Well you see, there are many stages in the development of understanding type -- that's stage 1, when people realize there's more to it than the test.

But, then you look deeper and realize the dichotomies hardly equal the test -- the test only has some of the most common, some of the more superficial features, and there's a lot more reading you can do about the concepts underlying them. If you pick up a good book, you realize that the dichotomies tell you a lot of things in general, and are more philosophical than you might have realized. J/P isn't just about messy vs organized, but in some sense about the drive to exact order, versus the drive to simply be, simply observe, and let things unfold. The problem is the tests only cover the most superficial version of order-exacting vs spontaneous perception, in the form of things like "do you like to follow a schedule."

What is shaky isn't necessarily the functions themselves but the idea that the dichotomies and the functions get you the same type. If anything, there's a LOT of cases of someone who is a dichotomies-introvert and yet fits something like a Te-dominant by many definitions you commonly find of Te -- why? They're factual. They prefer efficiency. They're no-nonsense and objective.

The other step is to realize there are a lot of slightly different ways of looking at the functions.

I'm not saying the functions are wrong so much as the two typologies are distinct. To get an idea just how loose the correlation is, the oft-used model that says INFJ=NiFeTiSe is NOT what the original founder of MBTI theory, Isabel Myers, thought is the model -- she said it's NiFeTeSe. This model hasn't caught on as much -- that's about it. There are numerous quantitative studies done to see if in fact there is a pattern in the MBTI test form responses that indicates significant support for these models, and they almost always show there's huge problems....which suggests that the type dynamics models are more a philosophical blueprint than empirically coinciding with the established MBTI types hat accord with the tests. It's possible the Jungian analyst John Beebe is responsible in part for popularizing the commonly used model, as he is one of the few people who is both in the Jung world and in communication with MBTI typologists. Most other Carl Jung followers, like Jung, didn't make much effort to popularize the typology, and not all of them think it is something they find useful.
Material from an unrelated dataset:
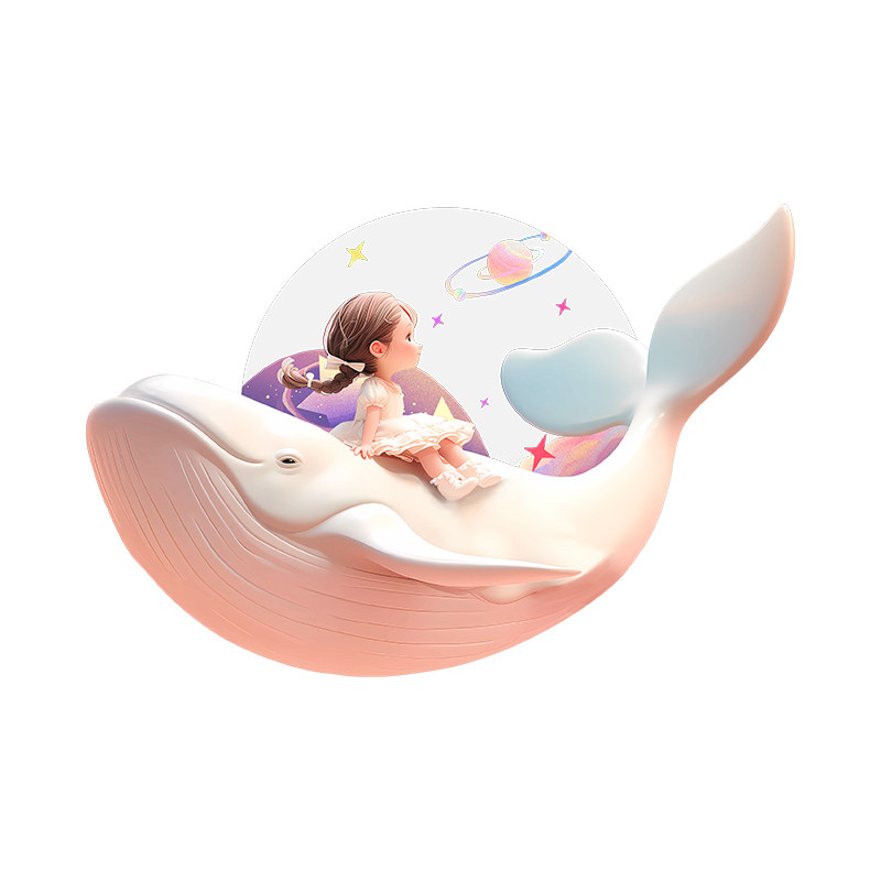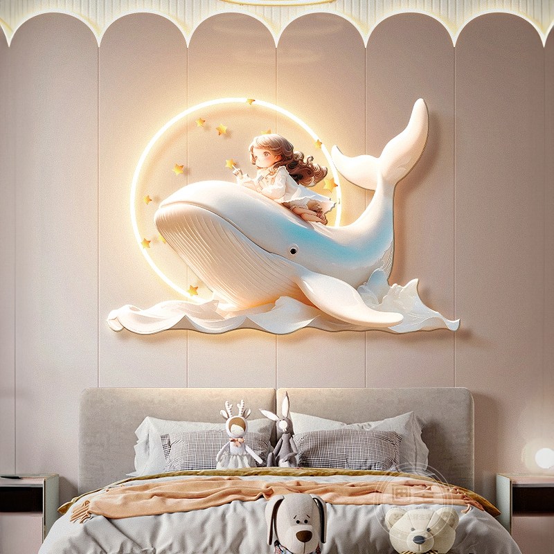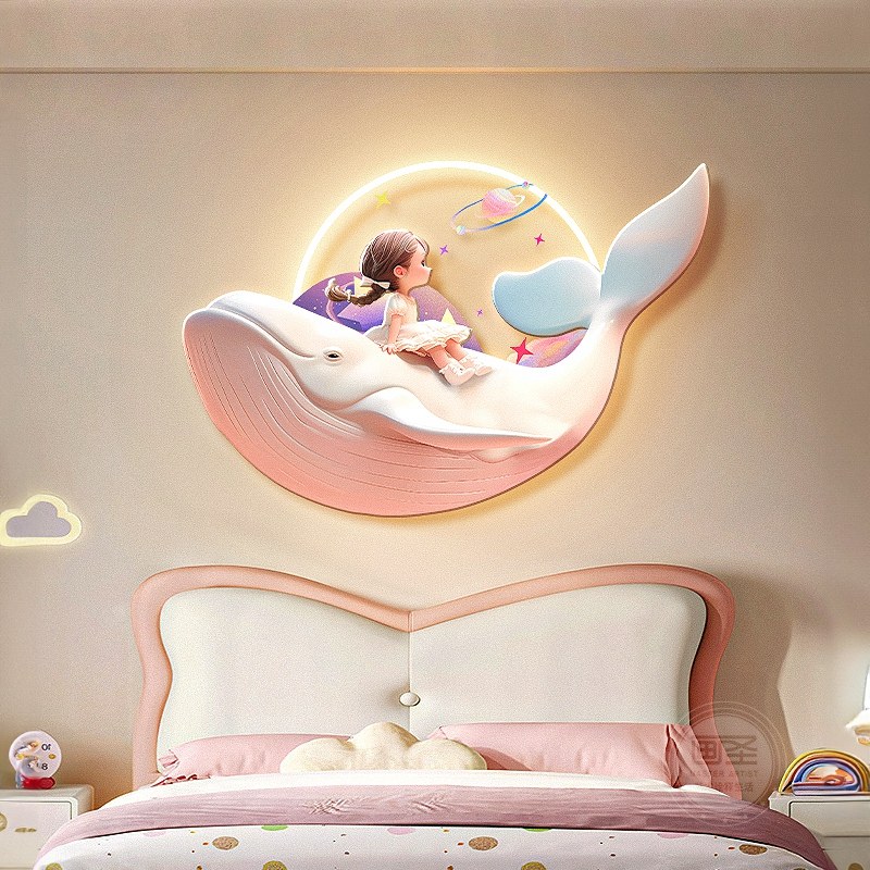 📚 奶油风公主儿童房装饰画鲸鱼卧室床头挂画带灯光卡通客厅壁饰画

Just by the way, the concept that the functions always occur as 8 is not so much due to Carl Jung as due to the more modern theorists. Some think INFJ vs INTJ is about Te-Fi vs Fe-Ti but that doesn't accord either with Jung or Myers.

It doesn't mean it isn't philosophically an interesting model --- just that these are ways of seeing the type constructs in action, not necessarily something hard and fast "THE" way to view type.